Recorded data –
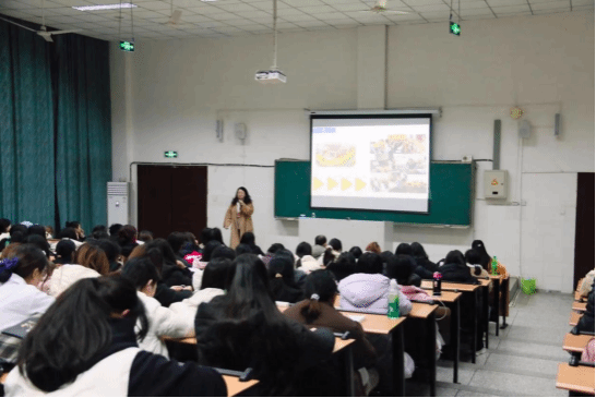 随后,杨洋围绕专业优势、竞争市场、认知未来、挑战机遇等关键维度,深入阐述了学院各专业在养老行业未来的职业发展路径。剖析专业优势时,杨洋分析了各专业关于养老的知识体系以及技术应用该如何转化为职场竞争力的要点,帮助同学们明晰专业“立身根本”。论及竞争市场时,她以详实的数据呈现行业全貌,涵盖企业布局、人才供需等,让同学们对行业竞争形势的认知更加清晰。在认知未来部分,杨洋分析了大健康专业在理念更新、需求变化下的远期走向,拓展了同学们的职业视野。面对挑战机遇,她激励同学们要把握机遇、勇迎挑战、顺势而为。
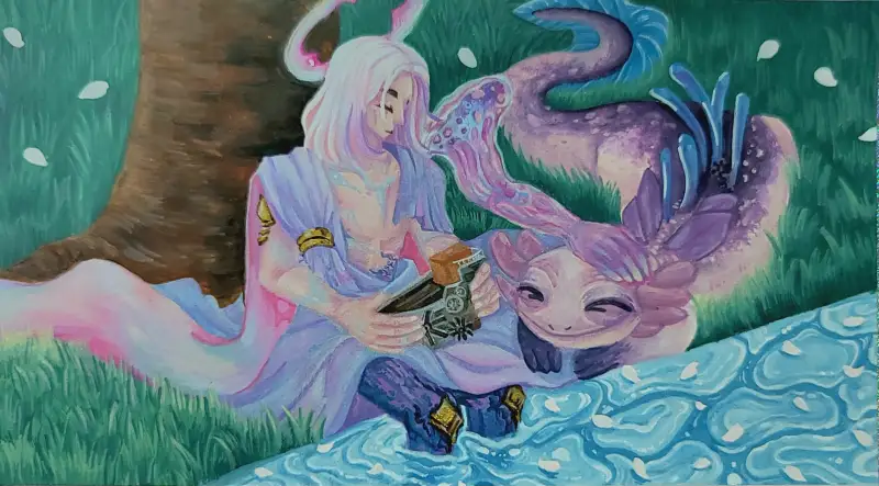 선명도와 채도를 살짝 조정하여 보정한 완성작 입니다. 새로운 재료를 활용해 기간 내에 퀄리티 있는 그림을 완성하는 것이 많이 힘들었지만, 저 자신과의 싸움에서 이겨내어 좋은 작품을 완성시켜서 후련한 기분과 수채 과슈라는 새로운 재료를 어떻게 다루는지 공부도 되었던 시간이었던 것 같습니다. 다음 주차에도 좋은 작품들을 그려오겠습니다. 긴 글 과 부족한 그림 항상 예쁘게 봐주셔서 감사합니다!🙇‍♂️🙇‍♀️🙇
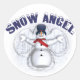 Homem de neve fazer anjo de neve na neve. Texto azul Snow Angel.
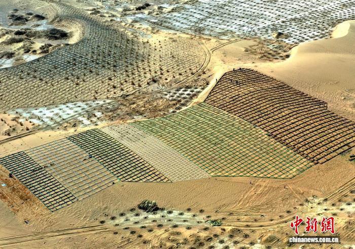 甘肃省武威市民勤县采用治沙新技术。(资料图)马爱彬摄
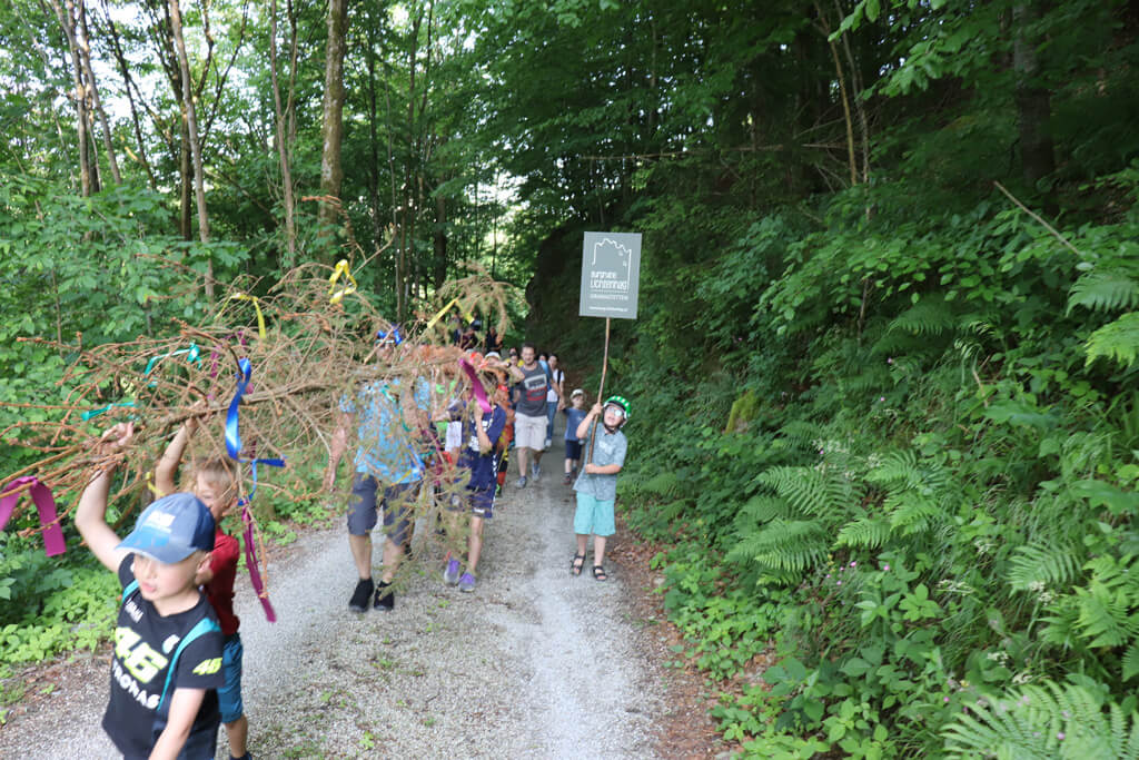 Die Wanderung führte uns dann durch die Marktstraße über den Schmiedberg zur Lichtenhagerstraße und von dort direkt zur Burgruine Lichtenhag. Der Maibaum wurde abwechselnd getragen. Begleitet von Musik und Taferlträgern sorgten wir für Aufmerksamkeit!
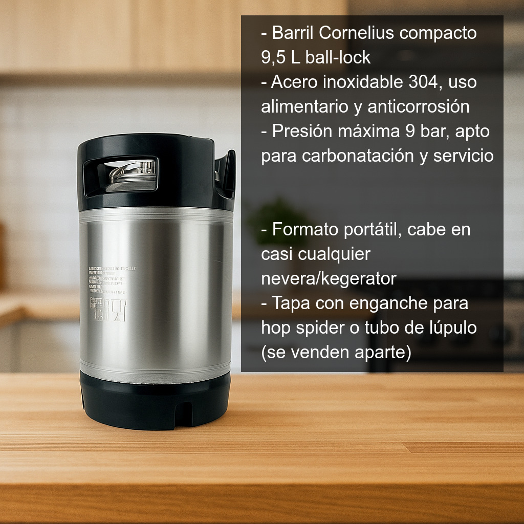 Barril tipo Corni (Corny) o Cornelius de tamaño compacto, con 9,5 litros de capacidad y conectores ball-lock. Es una opción ideal para servir cerveza de barril en casa, llevarla a reuniones o usarlo como barril de servicio para lotes pequeños, cold crash o carbonatación forzada con CO2.

Instructions for the task – Go to the line above that has "甘肃省武威市民勤县采用治沙新技术。(资料图)马爱彬摄" and copy exactly from there down to the line that has "Die Wanderung führte", both included. Leave the pictures out.

Expected output –
 甘肃省武威市民勤县采用治沙新技术。(资料图)马爱彬摄
 Die Wanderung führte uns dann durch die Marktstraße über den Schmiedberg zur Lichtenhagerstraße und von dort direkt zur Burgruine Lichtenhag. Der Maibaum wurde abwechselnd getragen. Begleitet von Musik und Taferlträgern sorgten wir für Aufmerksamkeit!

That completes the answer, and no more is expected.